- WORK TASK: When you copy the entries, omit the images and keep every word as it is.

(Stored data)
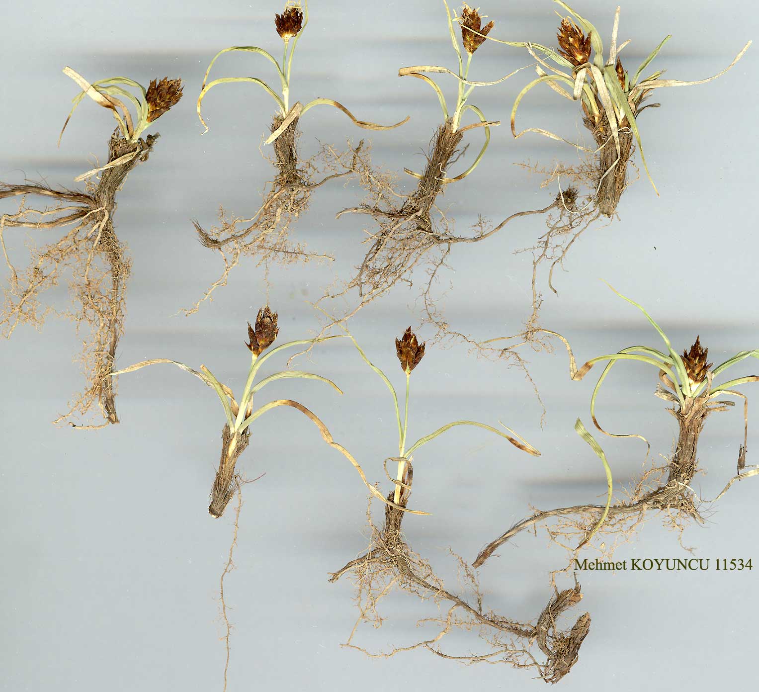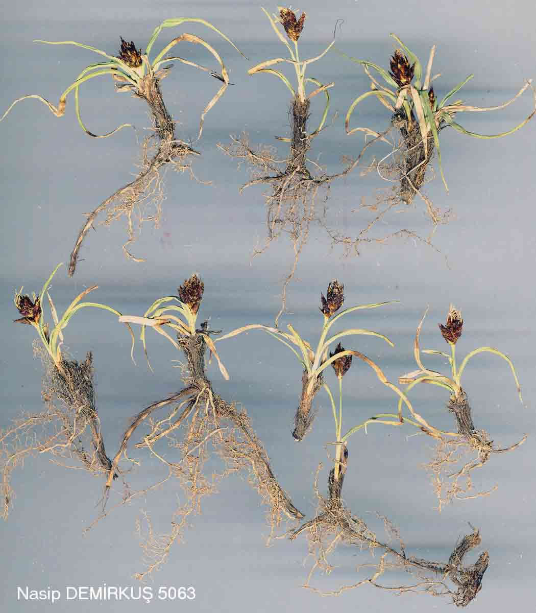 Rhizomes much-branched; roots blackish- to greyish-brown; shoots solitary or in lax, small tufts. Stems 6-20 cm, subterete, erect, slender, rather rigid, leafy only at very base; basal sheaths and basal parts of leaves loosely enclosing base of stem, soon becoming dark to blackish-brown and fibrous. Leaves 1-2.5 mm broad, rather soft, flat to subinvolute, narrowed into long setaceous tip, somewhat scabrid at margin, lowermost leaves short and thin, soon withering, often curved. Spikes 3-6, rather few-flowered, aggregated in a broadly ovoid head 0.8-1.8 cm; bracts broad, ± clasping, glumaceous or lowest with a short setaceous tip. Female glumes ovate, c. as long as or slightly shorter than utricles, uniformly dark chestnut or with pale scarious margins. Utricles dark chestnut and glossy in upper half, straw-coloured below, ellipsoid or ovoid, 4-5.5 mm, plano-convex, thin-walled, membranous, veinless above but with a few rather distinct veins at base of convex side, stipitate, rather abruptly contracted into a usually smooth, chestnut, slightly flattened, distinctly bifid beak to 1.5 mm, deeply cleft abaxially, beak points often convergent, scarious-margined. Nut brown, squarish with truncate base. Semi-deserts, steppe, dry slopes and meadows, 550-2700 m. Syntypes: [Syrian Desert] in Asia occidentali, inter Halepum (Aleppo) et Mosul, Olivier & Bruguiere (P!) et in Persia, Belanger (G, K!). E. Anatolia. B7 Malatya: Pütürge, 1350m, Altan llO9! B8 Erzurum: Bingöl Da., 2200 m, Engin 108! B9 Bitlis: Nemrut Da., 2700 m, Frödin 1936:243! Van: 3 km S.W. of Çalderan, 2250 m, Sorger 81-38-8! B10 Kars: N.E. slope of Ağri Da. below Serdar Bulak, 2300 m, D. 43796 p.p.! C6 Urfa: 3 km N. of Birecik, 550 m, Sorger 80-7-32! C7 Adiyaman: Kahta to Eski Kahta, 600 m, Rix 1892! C8 Mardin: 2 km E. of Mardin, 1150 m, D. 28439! Transcaucasia, Iran, Khorassan, N. Iraq, Lebanon, Palestine, Syrian Desert, Afghanistan, Transcaspia, Turkestan, Tien-Shan. Ir.-Tur. element. |
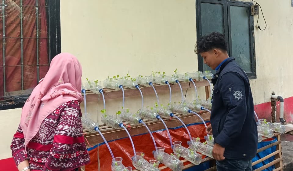 Dalam pelaksanaannya, mahasiswa melakukan pengecekan kondisi ikan dan tanaman, pembersihan media tanam, serta pengontrolan sirkulasi air dan nutrisi. Kegiatan ini juga disertai dengan pengamatan pertumbuhan tanaman dan kesehatan ikan guna mencegah terjadinya gangguan yang dapat memengaruhi hasil aquaponik. Dengan perawatan yang tepat, sistem aquaponik diharapkan mampu menghasilkan tanaman yang sehat serta ikan yang berkualitas.
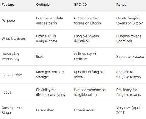 序数是由 @rodarmor 于 2023 年 1 月推出的,它增加了可以储存在区块链上的资料量,从而推广了铭文。这激发了一系列使用该系统的创新,例如 BRC-20 和符文,它们之间的区别下表。
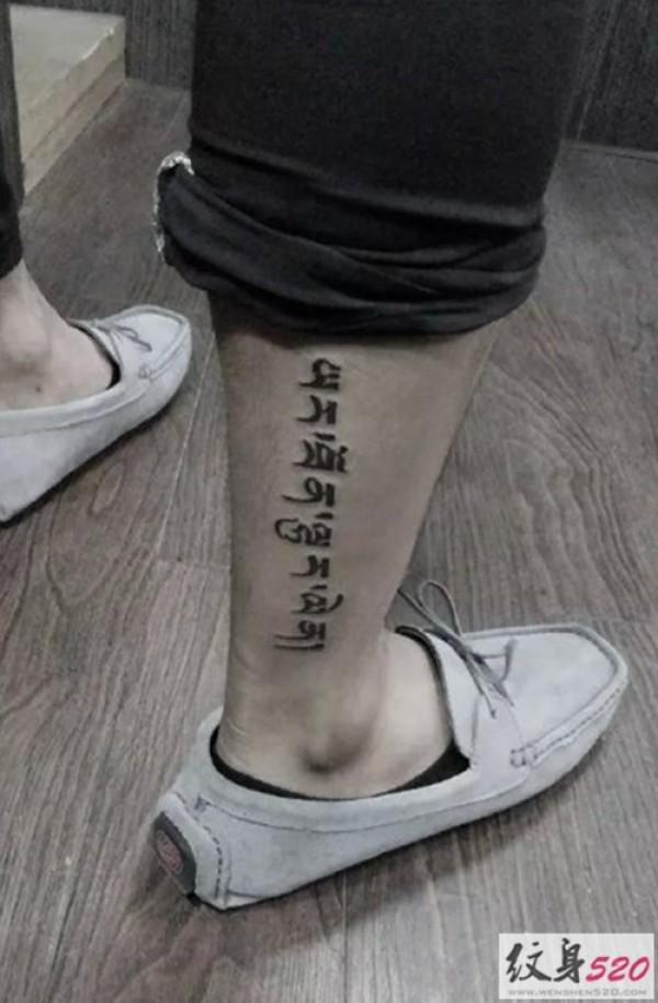 小腿部梵文纹身图案
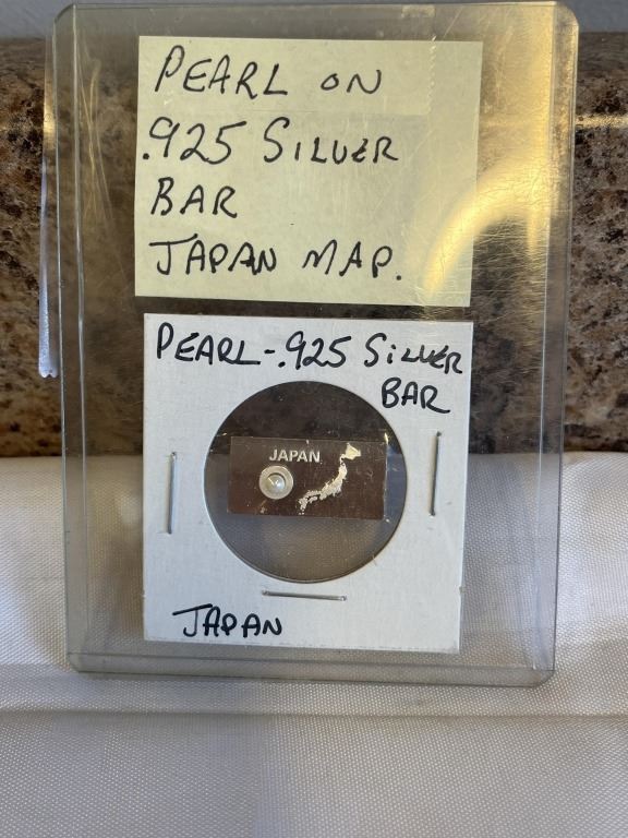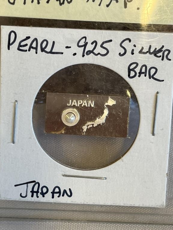PEARL ON .925 SILVER BAR W/ MAP OF JAPAN
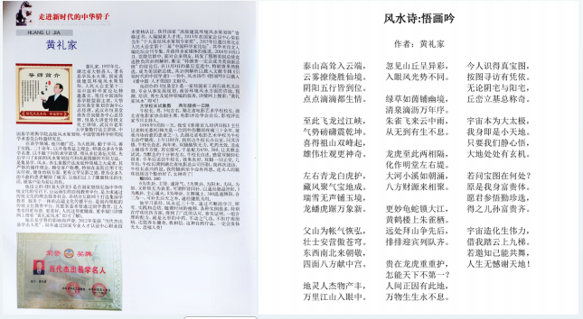 四十载研易路,黄礼家以好奇为引,以实践为基,以创新为翼,在易学风水的天地里开辟出一片崭新的疆域。他的人体风水理论,让古老的风水智慧有了具象的依托;他的《悟画吟》,让深奥的学术思想化作朗朗上口的诗篇。从乡村规划到文化传播,从理论建构到行业引领,他始终坚守初心,致力于让风水文化摆脱迷信标签,回归其蕴含的自然规律与哲学智慧。黄礼家说“传统风水理论如同参天大树,永远都是人体风水学最坚强的根基,《悟画吟》和《悟阴阳》都只不过是其中一片技叶而已,完成创作的路很远,对《悟画吟》的解释还依然在继续中,希望同行的专家学者对《悟画吟》和《悟阴阳》的不足提出主贵意见”
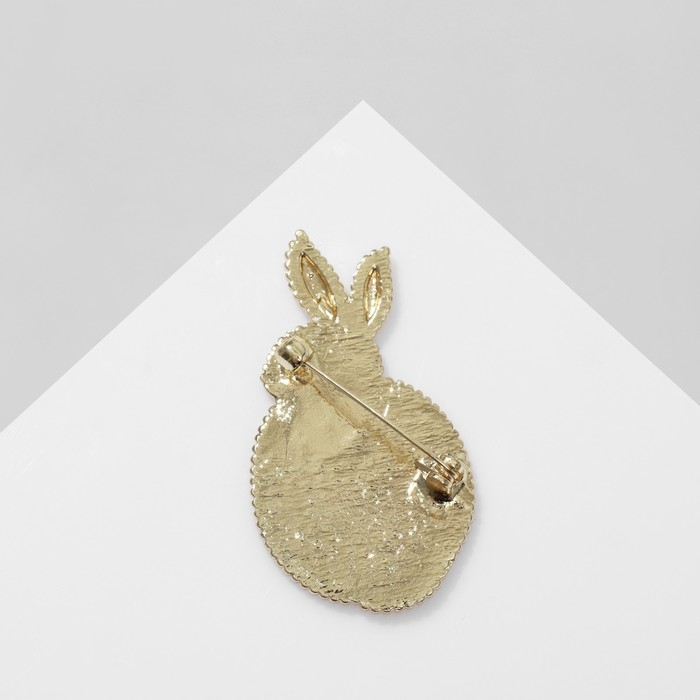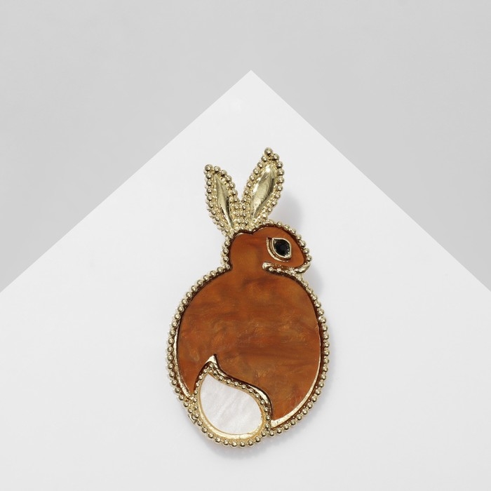 Брошь «Зайчик» янтарный, цвет бело-коричневый в золоте
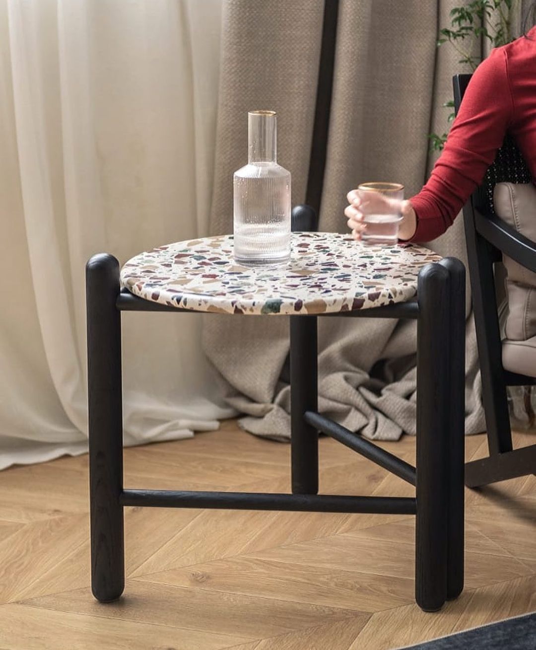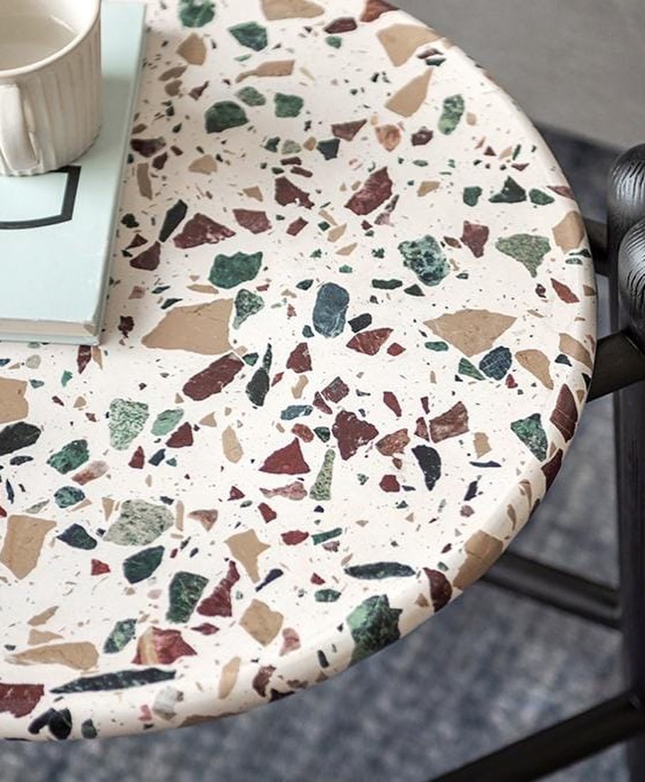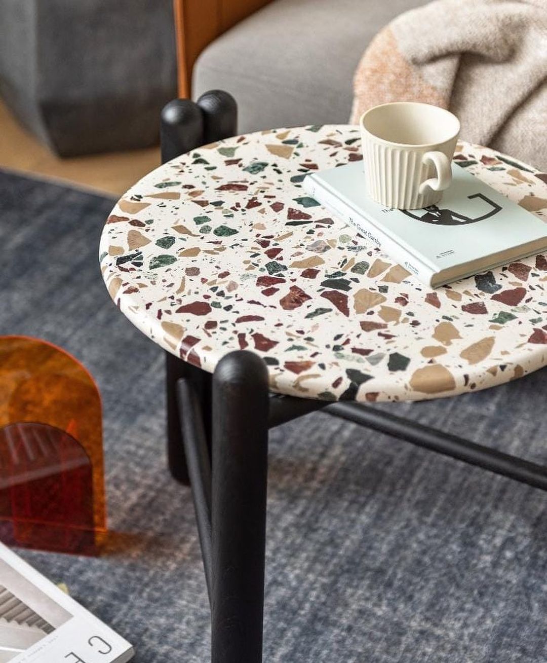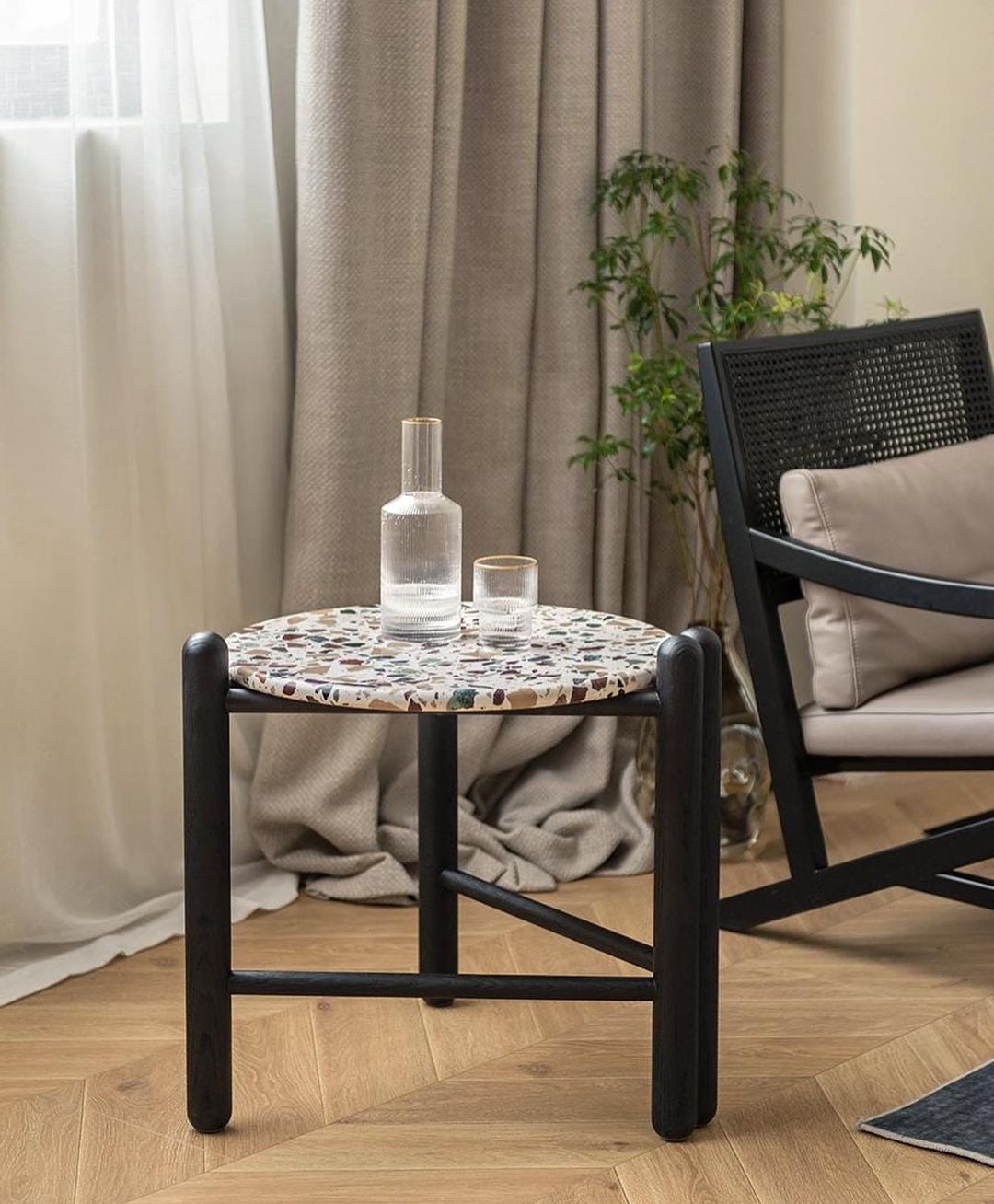 Дизайнерский приставной столик Monsterior Gems со столешницей из очаровательного терраццо. Роскошный выбор для современной гостиной или спальни. Стильная и комфортная красота вашего личного пространства!

- SOLUTION FOR THIS EXERCISE:
 Rhizomes much-branched; roots blackish- to greyish-brown; shoots solitary or in lax, small tufts. Stems 6-20 cm, subterete, erect, slender, rather rigid, leafy only at very base; basal sheaths and basal parts of leaves loosely enclosing base of stem, soon becoming dark to blackish-brown and fibrous. Leaves 1-2.5 mm broad, rather soft, flat to subinvolute, narrowed into long setaceous tip, somewhat scabrid at margin, lowermost leaves short and thin, soon withering, often curved. Spikes 3-6, rather few-flowered, aggregated in a broadly ovoid head 0.8-1.8 cm; bracts broad, ± clasping, glumaceous or lowest with a short setaceous tip. Female glumes ovate, c. as long as or slightly shorter than utricles, uniformly dark chestnut or with pale scarious margins. Utricles dark chestnut and glossy in upper half, straw-coloured below, ellipsoid or ovoid, 4-5.5 mm, plano-convex, thin-walled, membranous, veinless above but with a few rather distinct veins at base of convex side, stipitate, rather abruptly contracted into a usually smooth, chestnut, slightly flattened, distinctly bifid beak to 1.5 mm, deeply cleft abaxially, beak points often convergent, scarious-margined. Nut brown, squarish with truncate base. Semi-deserts, steppe, dry slopes and meadows, 550-2700 m. Syntypes: [Syrian Desert] in Asia occidentali, inter Halepum (Aleppo) et Mosul, Olivier & Bruguiere (P!) et in Persia, Belanger (G, K!). E. Anatolia. B7 Malatya: Pütürge, 1350m, Altan llO9! B8 Erzurum: Bingöl Da., 2200 m, Engin 108! B9 Bitlis: Nemrut Da., 2700 m, Frödin 1936:243! Van: 3 km S.W. of Çalderan, 2250 m, Sorger 81-38-8! B10 Kars: N.E. slope of Ağri Da. below Serdar Bulak, 2300 m, D. 43796 p.p.! C6 Urfa: 3 km N. of Birecik, 550 m, Sorger 80-7-32! C7 Adiyaman: Kahta to Eski Kahta, 600 m, Rix 1892! C8 Mardin: 2 km E. of Mardin, 1150 m, D. 28439! Transcaucasia, Iran, Khorassan, N. Iraq, Lebanon, Palestine, Syrian Desert, Afghanistan, Transcaspia, Turkestan, Tien-Shan. Ir.-Tur. element. |
 Dalam pelaksanaannya, mahasiswa melakukan pengecekan kondisi ikan dan tanaman, pembersihan media tanam, serta pengontrolan sirkulasi air dan nutrisi. Kegiatan ini juga disertai dengan pengamatan pertumbuhan tanaman dan kesehatan ikan guna mencegah terjadinya gangguan yang dapat memengaruhi hasil aquaponik. Dengan perawatan yang tepat, sistem aquaponik diharapkan mampu menghasilkan tanaman yang sehat serta ikan yang berkualitas.
 序数是由 @rodarmor 于 2023 年 1 月推出的,它增加了可以储存在区块链上的资料量,从而推广了铭文。这激发了一系列使用该系统的创新,例如 BRC-20 和符文,它们之间的区别下表。
 小腿部梵文纹身图案
PEARL ON .925 SILVER BAR W/ MAP OF JAPAN
 四十载研易路,黄礼家以好奇为引,以实践为基,以创新为翼,在易学风水的天地里开辟出一片崭新的疆域。他的人体风水理论,让古老的风水智慧有了具象的依托;他的《悟画吟》,让深奥的学术思想化作朗朗上口的诗篇。从乡村规划到文化传播,从理论建构到行业引领,他始终坚守初心,致力于让风水文化摆脱迷信标签,回归其蕴含的自然规律与哲学智慧。黄礼家说“传统风水理论如同参天大树,永远都是人体风水学最坚强的根基,《悟画吟》和《悟阴阳》都只不过是其中一片技叶而已,完成创作的路很远,对《悟画吟》的解释还依然在继续中,希望同行的专家学者对《悟画吟》和《悟阴阳》的不足提出主贵意见”
 Брошь «Зайчик» янтарный, цвет бело-коричневый в золоте
 Дизайнерский приставной столик Monsterior Gems со столешницей из очаровательного терраццо. Роскошный выбор для современной гостиной или спальни. Стильная и комфортная красота вашего личного пространства!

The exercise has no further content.